Starting at the first line of the data, print each line verbatim up to and including the line bearing "Фирма по продаже", omitting pictures.

● **Extracted records**
┄┄┄┄┄┄┄┄┄┄

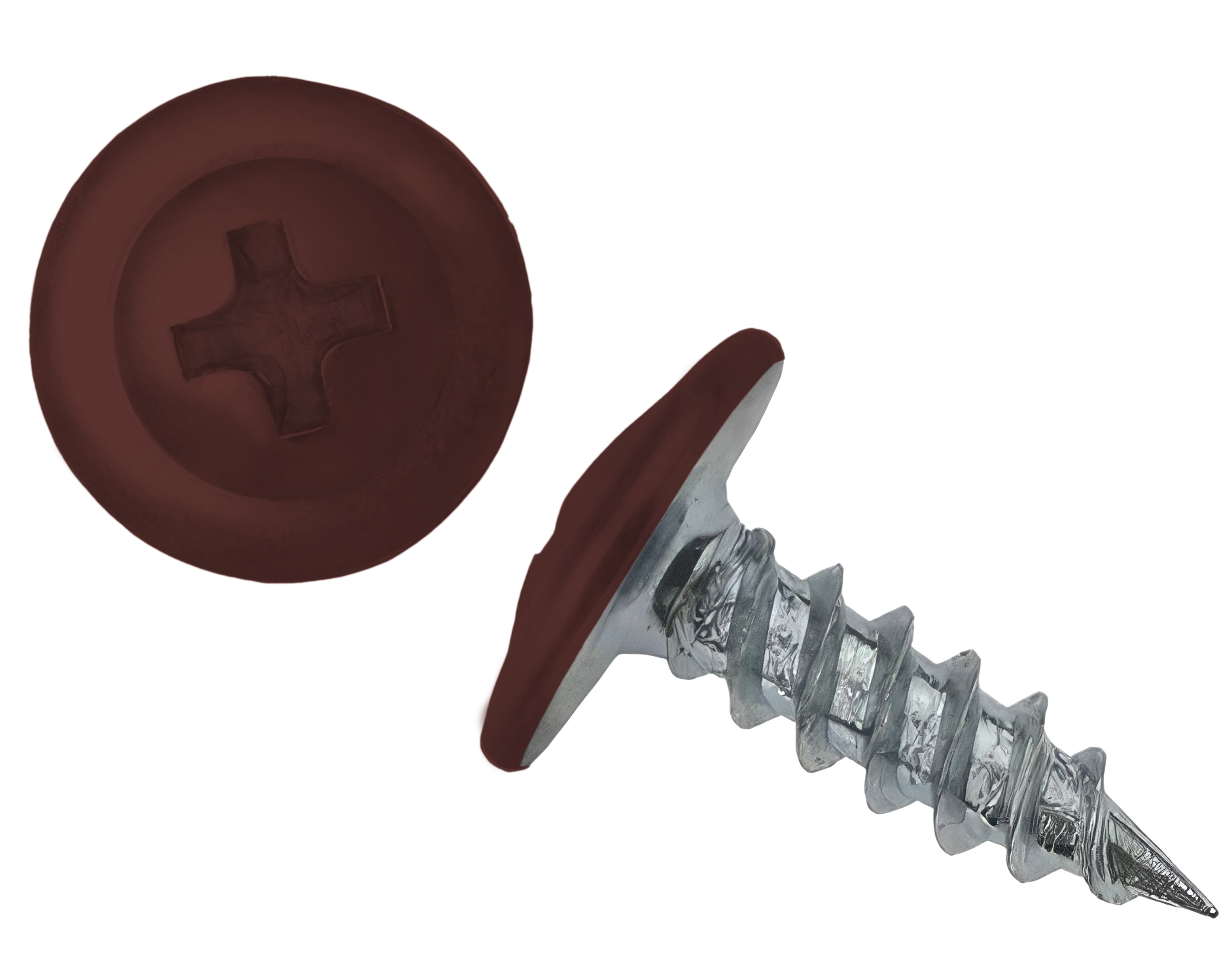 Саморез с напрессованой шайбой (ПШ) - имеют широкую плоскую головку под крестовидную биту (PH2), которая одновременно выполняет роль шайбы. Наконечник оцинкованный - острый.
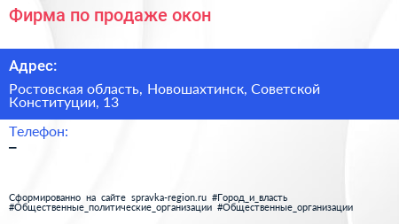 Фирма по продаже окон по адресу Ростовская область, Новошахтинск, Советской Конституции, 13 в дальнейшем Организация, размещена в следующих категориях:
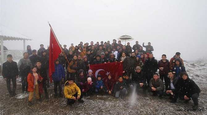Zorlu hava şartlarında kar ve soğuğa aldırış etmeden yürüyüşe her yaştan vatandaşımız ellerinde Türk bayraklarıyla, zirve yürüyüşüne katıldı. Yoğun kar yağışının bulunduğu Aksartepe zirvesinde katılımcılar şehit ve gazilerimizi okunan Kuranı-ı Kerim, Dualar ve İstiklal Marşıyla yâd ettiler. Kar yağışının bulunduğu zirvede Akyazı Belediyesi katılımcılara günün anlam ve önemine uygun buğday çorbası ikramında bulundu.
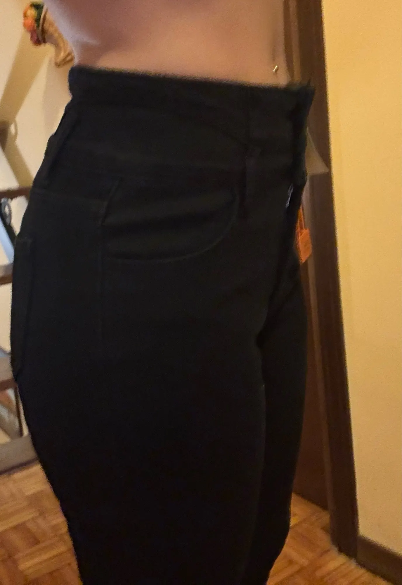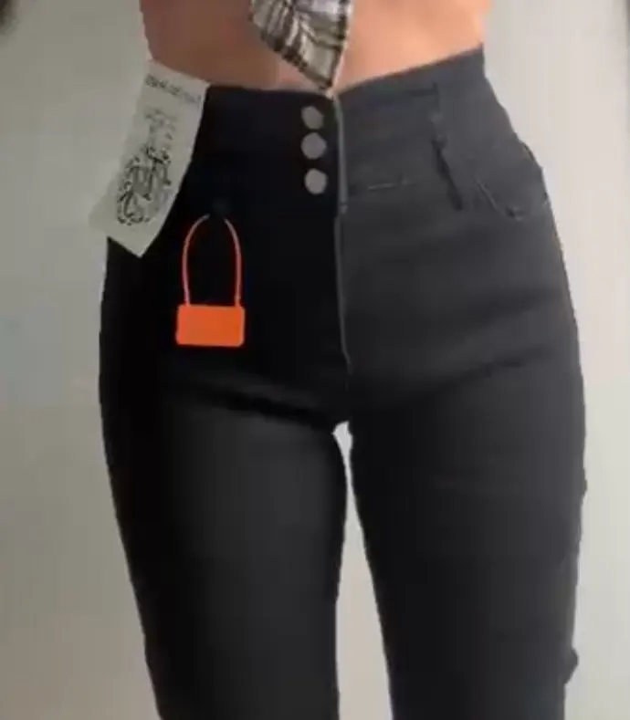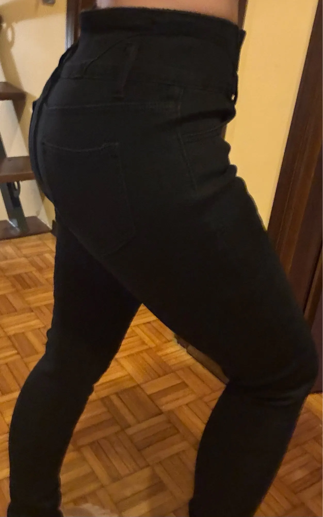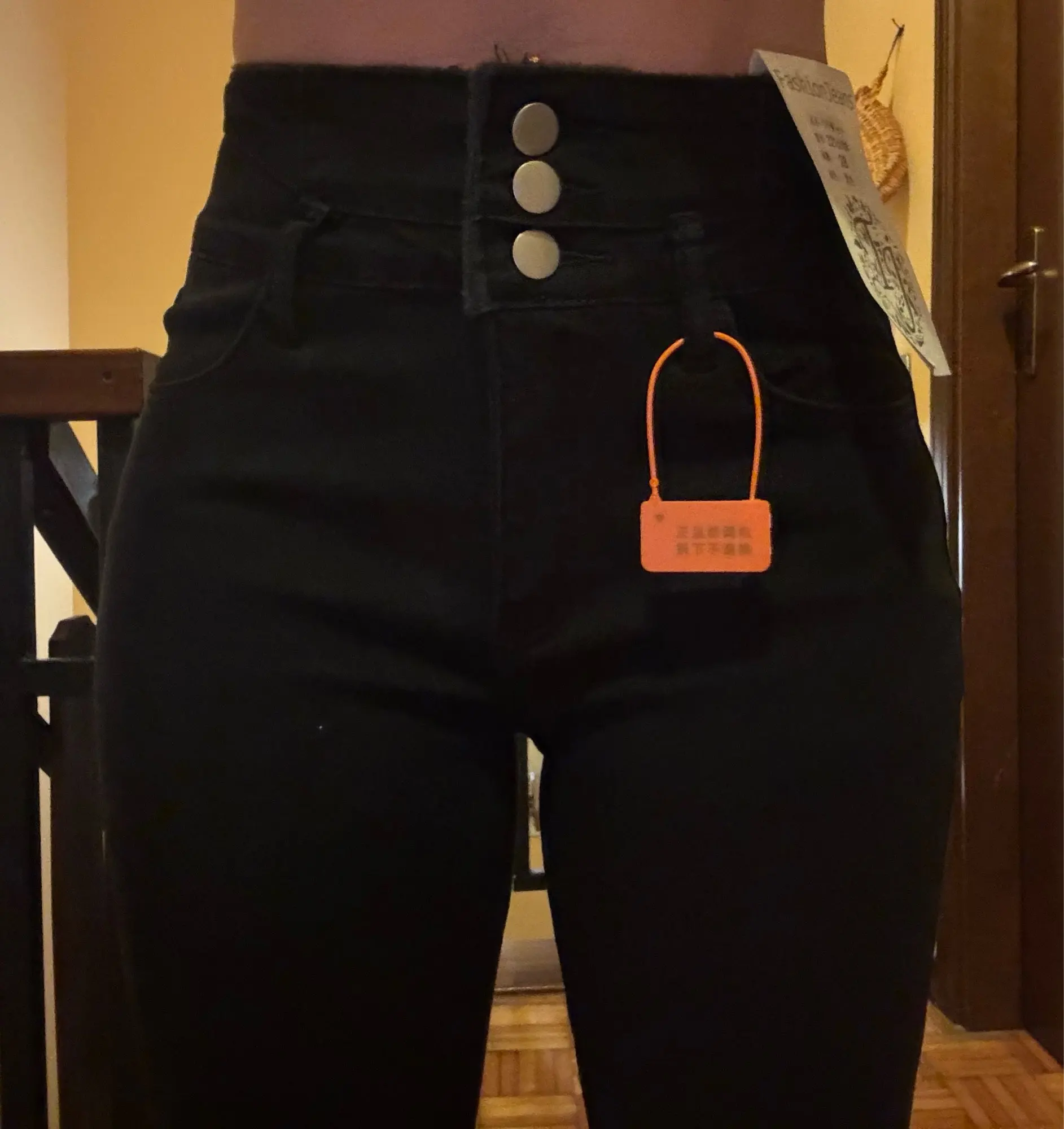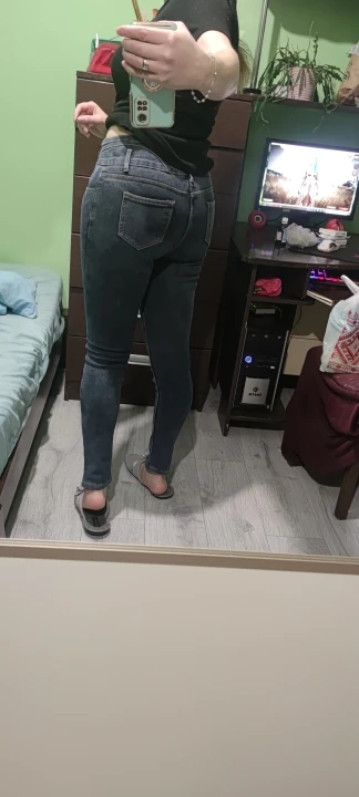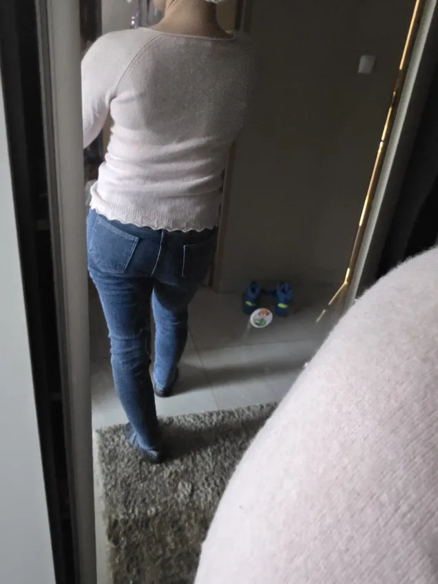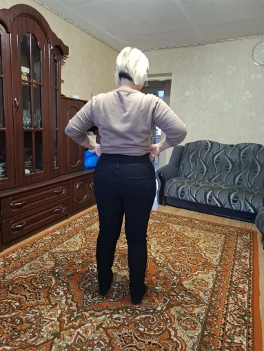 Super beautiful jeans, just like in the seller’s photos. I love them. I would like to have a second pair. I highly recommend them. The size is perfect for a European size. (I wear European size L) It doesn’t tighten around the stomach. The material is elastic, very soft on the inside and super pleasant on the skin.
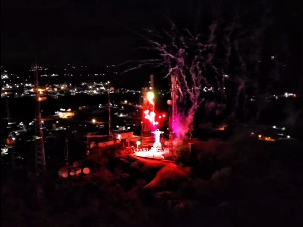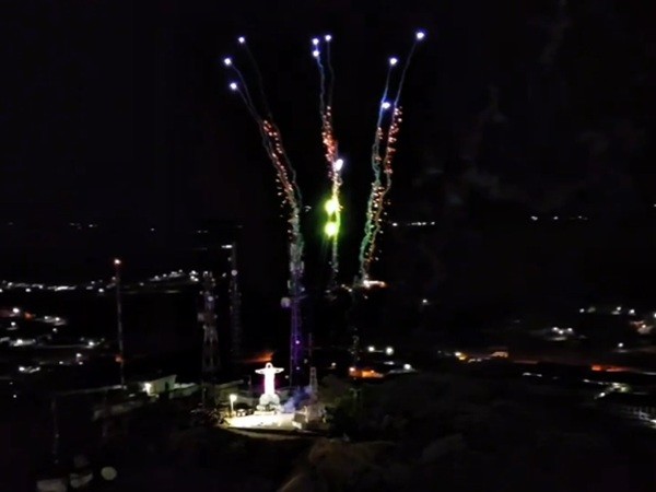 Queima de fogos no Morro do Cristo Rei ilumina a virada do ano em Cajazeiras

┄┄┄┄┄┄┄┄┄┄

● **Output for this task**
 Саморез с напрессованой шайбой (ПШ) - имеют широкую плоскую головку под крестовидную биту (PH2), которая одновременно выполняет роль шайбы. Наконечник оцинкованный - острый.
 Фирма по продаже окон по адресу Ростовская область, Новошахтинск, Советской Конституции, 13 в дальнейшем Организация, размещена в следующих категориях:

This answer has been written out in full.